───── MATERIAL PROVIDED
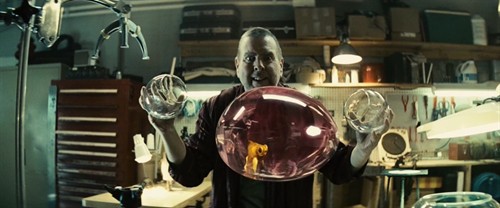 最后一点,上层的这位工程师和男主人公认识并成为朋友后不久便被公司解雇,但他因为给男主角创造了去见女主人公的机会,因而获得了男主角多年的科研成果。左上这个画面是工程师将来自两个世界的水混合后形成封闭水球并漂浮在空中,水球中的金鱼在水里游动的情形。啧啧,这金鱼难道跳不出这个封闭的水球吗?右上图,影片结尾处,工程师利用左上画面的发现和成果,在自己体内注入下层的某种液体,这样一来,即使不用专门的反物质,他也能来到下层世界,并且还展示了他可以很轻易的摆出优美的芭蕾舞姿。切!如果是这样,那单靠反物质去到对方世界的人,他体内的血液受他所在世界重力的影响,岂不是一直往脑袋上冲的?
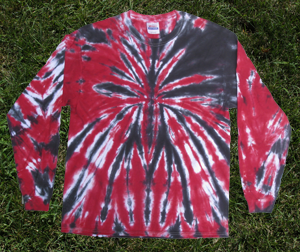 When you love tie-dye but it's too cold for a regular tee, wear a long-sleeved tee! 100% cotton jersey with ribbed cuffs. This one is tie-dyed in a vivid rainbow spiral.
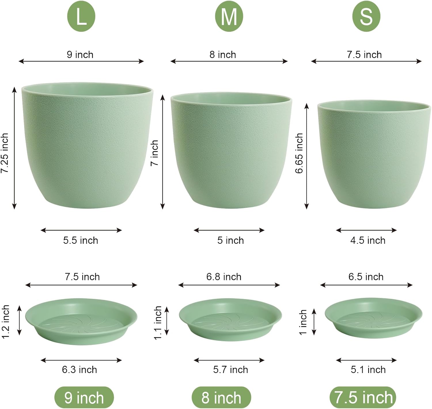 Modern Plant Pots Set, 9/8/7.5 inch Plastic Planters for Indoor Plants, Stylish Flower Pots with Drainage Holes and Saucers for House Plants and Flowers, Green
──────────
**ACTIVITY:**
Output the full material exactly as given, without its pictures.

**RESULT:**
 最后一点,上层的这位工程师和男主人公认识并成为朋友后不久便被公司解雇,但他因为给男主角创造了去见女主人公的机会,因而获得了男主角多年的科研成果。左上这个画面是工程师将来自两个世界的水混合后形成封闭水球并漂浮在空中,水球中的金鱼在水里游动的情形。啧啧,这金鱼难道跳不出这个封闭的水球吗?右上图,影片结尾处,工程师利用左上画面的发现和成果,在自己体内注入下层的某种液体,这样一来,即使不用专门的反物质,他也能来到下层世界,并且还展示了他可以很轻易的摆出优美的芭蕾舞姿。切!如果是这样,那单靠反物质去到对方世界的人,他体内的血液受他所在世界重力的影响,岂不是一直往脑袋上冲的?
 When you love tie-dye but it's too cold for a regular tee, wear a long-sleeved tee! 100% cotton jersey with ribbed cuffs. This one is tie-dyed in a vivid rainbow spiral.
 Modern Plant Pots Set, 9/8/7.5 inch Plastic Planters for Indoor Plants, Stylish Flower Pots with Drainage Holes and Saucers for House Plants and Flowers, Green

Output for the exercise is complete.